DATA SUPPLIED:

BEGIN

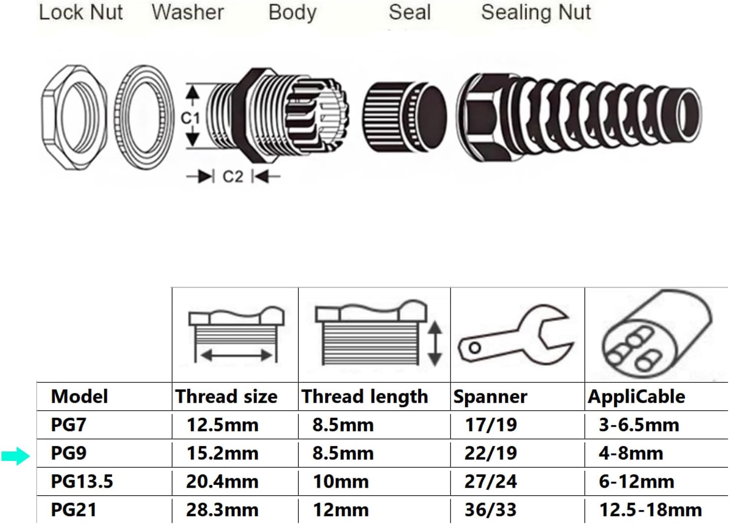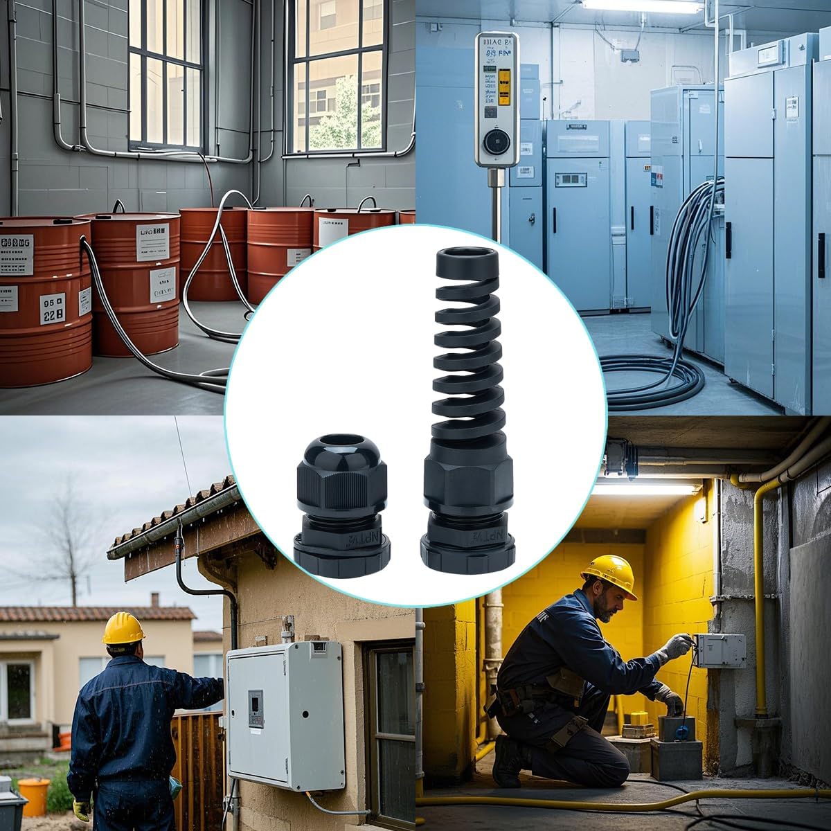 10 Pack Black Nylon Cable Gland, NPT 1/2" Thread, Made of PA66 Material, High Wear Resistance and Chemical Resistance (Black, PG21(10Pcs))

END
BEGIN

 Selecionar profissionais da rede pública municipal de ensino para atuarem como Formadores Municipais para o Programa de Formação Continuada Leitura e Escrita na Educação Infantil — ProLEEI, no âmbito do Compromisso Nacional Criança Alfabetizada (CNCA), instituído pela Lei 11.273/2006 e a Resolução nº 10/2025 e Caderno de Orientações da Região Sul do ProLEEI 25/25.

END
BEGIN

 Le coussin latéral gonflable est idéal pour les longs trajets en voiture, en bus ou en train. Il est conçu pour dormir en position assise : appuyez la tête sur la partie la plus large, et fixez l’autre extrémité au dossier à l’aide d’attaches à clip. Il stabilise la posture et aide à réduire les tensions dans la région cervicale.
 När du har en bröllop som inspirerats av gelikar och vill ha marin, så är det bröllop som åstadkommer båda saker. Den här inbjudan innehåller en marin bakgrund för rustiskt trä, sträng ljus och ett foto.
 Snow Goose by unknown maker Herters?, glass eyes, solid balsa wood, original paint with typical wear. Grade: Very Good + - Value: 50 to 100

END

WORK ORDER: Your task for the entries above: copy exactly the span starting with the line with "Le coussin latéral" and going on through the line with "Snow Goose by", both lines included, and nothing else.

RESPONSE TO THE EXERCISE:
 Le coussin latéral gonflable est idéal pour les longs trajets en voiture, en bus ou en train. Il est conçu pour dormir en position assise : appuyez la tête sur la partie la plus large, et fixez l’autre extrémité au dossier à l’aide d’attaches à clip. Il stabilise la posture et aide à réduire les tensions dans la région cervicale.
 När du har en bröllop som inspirerats av gelikar och vill ha marin, så är det bröllop som åstadkommer båda saker. Den här inbjudan innehåller en marin bakgrund för rustiskt trä, sträng ljus och ett foto.
 Snow Goose by unknown maker Herters?, glass eyes, solid balsa wood, original paint with typical wear. Grade: Very Good + - Value: 50 to 100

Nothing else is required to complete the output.